[SOURCE INFORMATION Boundary: Start]

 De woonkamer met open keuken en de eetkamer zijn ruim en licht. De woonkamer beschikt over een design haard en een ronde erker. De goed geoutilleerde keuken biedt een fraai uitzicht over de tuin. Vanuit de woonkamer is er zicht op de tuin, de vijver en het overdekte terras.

[SOURCE INFORMATION Boundary: End]
[SOURCE INFORMATION Boundary: Start]

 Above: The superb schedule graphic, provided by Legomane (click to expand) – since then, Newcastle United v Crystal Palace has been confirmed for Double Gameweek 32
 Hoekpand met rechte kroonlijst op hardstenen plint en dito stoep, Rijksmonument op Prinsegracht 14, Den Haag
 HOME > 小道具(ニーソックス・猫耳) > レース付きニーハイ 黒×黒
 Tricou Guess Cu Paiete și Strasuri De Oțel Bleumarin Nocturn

[SOURCE INFORMATION Boundary: End]
[SOURCE INFORMATION Boundary: Start]

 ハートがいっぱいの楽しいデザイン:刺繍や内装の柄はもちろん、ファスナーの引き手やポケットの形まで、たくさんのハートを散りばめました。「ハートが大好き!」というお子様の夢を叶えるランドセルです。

[SOURCE INFORMATION Boundary: End]

## TASK DETAILS
Among the entries above, locate the lines containing "HOME > 小道具(ニーソックス・猫耳) > レース付きニーハイ 黒×黒" and "Tricou Guess Cu", and transcribe exactly those two lines and all lines between.

## EXPECTED ANSWER
 HOME > 小道具(ニーソックス・猫耳) > レース付きニーハイ 黒×黒
 Tricou Guess Cu Paiete și Strasuri De Oțel Bleumarin Nocturn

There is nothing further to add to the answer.